Enhancing Data Visualizations with Matplotlib's Color Options
Matplotlib is a versatile library that offers a variety of unique features and functionalities for creating captivating visualizations. In this guide, we'll explore features to add color to our plots!
Installing Matplotlib
First, if not already done, install the Matplotlib library:
pip install matplotlib
Alternative Approaches
Sometimes pip
will not configure correctly in your environment. In such cases, alternative approaches can be used for installation. Here are two methods:
Using py
:
py -m pip install matplotlib
Using python3
:
python3 -m pip install matplotlib
Importing Matplotlib
Once installed, you can import the Matplotlib library:
import matplotlib.pyplot as plt
Four Methods for Changing Color Using Matplotlib
The color of plots in Matplotlib is set to blue by default.
import matplotlib.pyplot as plt
x = [1,2,3,4] # Example x values
y = [5,10,15,20] # Example y values
plt.xlabel('x-axis') # Labeling the x-axis
plt.ylabel('y-axis') # Labeling the y-axis
plt.plot(x,y) # Plotting the line chart
plt.show() # Viewing the line chart
Below, we will explore four methods to change color in line charts. Keep in mind this can be used in other plot functions.

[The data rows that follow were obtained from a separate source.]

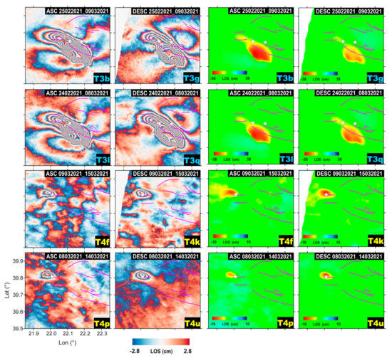 Finally, we introduce T5 as the overall timeframe that includes all three main events; similarly to T3, this was formed by seven interferograms (magenta bars in Figure 2a and Figure S1), which are presented in Figures S5 and S6. Note that multiple interferograms within a single timeframe (Figure 3, Figures S5 and S6) basically comprise the same displacement signal since the four considered tracks were shifted in time by no more than one day and there was no significant activity between the end of February and the beginning of the sequence.
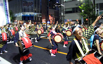既に交通規制のかかった県庁前通を小走りに行く。向こうからは太鼓の音が聴こえてくる。
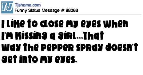 - # 164438 When I go in to kiss a girl, I always close my eyes. Ive just learned from experience, if my eyes are open, more pepper spray gets in them.
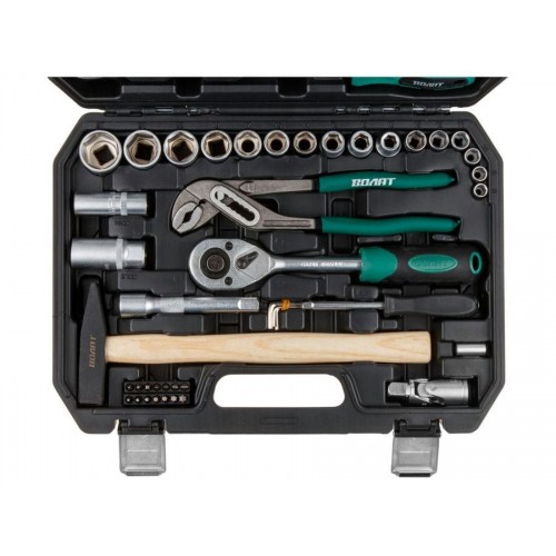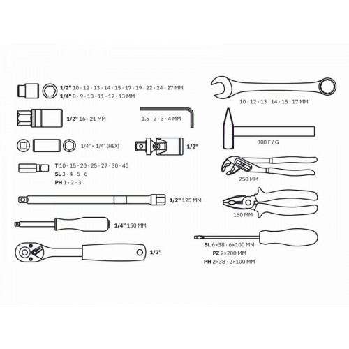 + Головка торцевая 14: 8, 9, 10, 11, 12, 13 мм + Головка торцевая 12: 10, 12, 13, 14, 15, 17, 19, 22, 24, 27 мм; + Свечная головка 12: 16, 21 мм; + Насадка 14 TORX: T10, T15, T20, T25, T27, T30, T40; + Насадка 14 PH: PH1, PH2, PH3; + Насадка 14 SL: SL3, SL4, SL5, SL6; + Переходник (держатель для бит) 14х14(HEX); + Вороток-отвертка 14 150 мм; + Трещотка 12; + Удлинитель 12 125 мм; + Кардан 12; + Ключ комбинированный: 10, 12, 13, 14, 15, 17 мм; + Ключ шестигранный Г-обр.: 1.5, 2, 3, 4 мм; + Отвертки: PH2x38, PH2x100, PZ2х200; SL6x38, SL6x100; + Плоскогубцы 160 мм; + Клещи переставные 250 мм; + Молоток с деревянной рукояткой 300 г; + Кейс
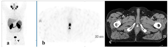 68Ga-PSMA scan, maximum intensity projection MIP (a) and corresponding PET (b) and CT (c) axial slices demonstrating focally increased uptake at the base of the penis (arrows).

Example 1: Change Color Using Color Names
We can add a color
parameter to different plotting functions plt.plot()
, plt.scatter()
, plt.bar()
to specify the color of lines, markers, or bars.
import matplotlib.pyplot as plt
x = [1,2,3,4]
y = [5,10,15,20]
plt.xlabel('x-axis')
plt.ylabel('y-axis')
plt.plot(x,y, color = 'purple') # Assigning purple to the color parameter
plt.show()
In this example, a color name was assigned to the color
parameter:color = 'purple'
.
Example 2: Change Color Using Color Codes
Matplotlib also lets you use single-character abbreviations to represent colors.
Below are the color codes available for use:
'b': blue
'g': green
'r': red
'c': cyan
'm': magenta
'y': yellow
'k': black
'w': white
import matplotlib.pyplot as plt
x = [1,2,3,4]
y = [5,10,15,20]
plt.xlabel('x-axis')
plt.ylabel('y-axis')
plt.plot(x,y, color = 'r') # Using the color code 'r'
plt.show()
In this example, the color code 'r' was assigned to the color
parameter to make the line red.
Example 3: Change Color Using RGB Values
RGB (Red, Green, Blue) values can be used to specify custom colors. RGB values are specified as tuples where each component ranges from 0 to 1.
(1, 0, 0) = red
(0, 1, 0) = green
(0, 0, 1) = blue
We can create intermediate colors by adjusting the amounts of red, green, and blue components. For instance, (1, 0.5, 0)
represents full red, half green, and no blue, resulting in an orange color. Here is the resulting plot using RGB:
import matplotlib.pyplot as plt
x = [1,2,3,4]
y = [5,10,15,20]
plt.xlabel('x-axis')
plt.ylabel('y-axis')
plt.plot(x,y, color=(1, 0.5, 0)) # Using the RGB value for orange
plt.show()
Example 4: Change Color Using Hexadecimal Color Codes
Hexadecimal color codes, or hex color codes, offer a wide range of custom colors for our plots. Each code is composed of six characters, combining numbers from 0 to 9 and letters from A to F. These codes represent different intensities of red, green, and blue, allowing us to create unique and customized color palettes for our visualizations.
Below, we will explore two examples:
#008080
represents teal:
- The first two digits
00
represent the absence of red. - The next two digits
80
represent maximum intensity of green. - The final two digits
80
represent maximum intensity of blue. - Combining these, we get a teal color.
import matplotlib.pyplot as plt
x = [1, 2, 3, 4]
y = [5, 10, 15, 20]
plt.xlabel('x-axis')
plt.ylabel('y-axis')
plt.plot(x, y, color='#008080') # Using the hex color code for teal
plt.show()
#FFA500
represents orange:
- The first two digits FF mean maximum intensity of red.
- The next two digits A5 represent a specific intensity of green.
- The final two digits 00 mean no blue color contribution.
- Combining these, you get an orange color.
import matplotlib.pyplot as plt
x = [1, 2, 3, 4]
y = [5, 10, 15, 20]
plt.xlabel('x-axis')
plt.ylabel('y-axis')
plt.plot(x, y, color= '#FFA500') # Using the hex color code for orange
plt.show()
Conclusion
Matplotlib offers various ways to change colors in plots through color names, color codes, RGB values, and hexadecimal codes. Learning these methods can help make your plots more engaging, clear, and visually appealing. Happy plotting!